You have a very high-profile year ahead of you. The Thing About Pam, Shotgun Wedding and Blackout for starters. The first is a true crime drama series with Renée Zellweger; Shotgun Wedding is a romantic comedy action film, and Blackout is a crime thriller.
What do you find challenging or rewarding about working in different genres?
Actually, I love it. It’s part of the beauty of getting to do what I get to do. Every day is different, every job is different, and every scene is different. I play a defense attorney in The Thing About Pam, which I’ve never done. That’s completely different than Blackout, where I’m a double agent for the cartel.
Shotgun Wedding, with J.Lo, is about a couple who get cold feet and everything goes sideways.
Those are really diverse projects.
Oh, man, there’s nothing better. It’s been one of those magical years where I’ve been able to do a lot of the things that I’ve always dreamt about doing. Doing things that I got into this business to try to do, and I was able to do a lot of that this year. It’s been a lot of work. It’s been a lot of time on set, and a lot of time away from home. That’s the part that I don’t love about it—being away from my son. But we’ve been able to work it out where he comes to visit me, and I get back to him.

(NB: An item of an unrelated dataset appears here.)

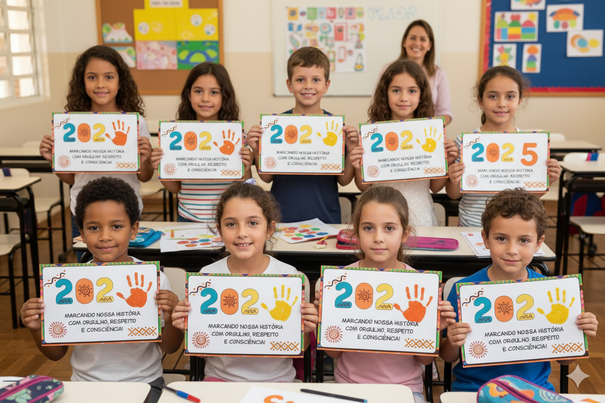 Mensagem: A placa simboliza um ano de História, Respeito e Consciência, com cores e grafismos inspiradores.

So, I’m not away as much as I might’ve been.
Switching gears a bit. You said that your farm in Minnesota really speaks to your soul. What does it give you?
It’s not a farm as much as it’s a mini compound, I guess. It started as a little cabin in the woods, deep in the woods. I wanted a place away from everything. My dad found these 12 acres in Northwestern Minnesota with nobody around. This beautiful crystal clear lake, and I just loved it. I was going to build there, but then the other half of that parcel went up for sale about a year or two later, and I bought that and it had a little hunting shack with no electricity, no water. Then I suddenly had 26 acres with a little structure on it.
It wasn’t the most comfortable place because it was rodent-ridden. I needed to clean that up a bit, but then the one next to that one went up for sale for almost nothing. It was another little cabin, it had electricity but no water. Then all of a sudden, I had two little cabins out at this place. It was like my little heaven on earth, I just love it out there. I don’t really go up there to relax. I go out there and I’m usually chopping wood, or I’m on the tractor, or I’m just fixing stuff. It’s very basic, and there’s something about that basic sort of back-to-the-simple-life thing that I think it resets me in some way.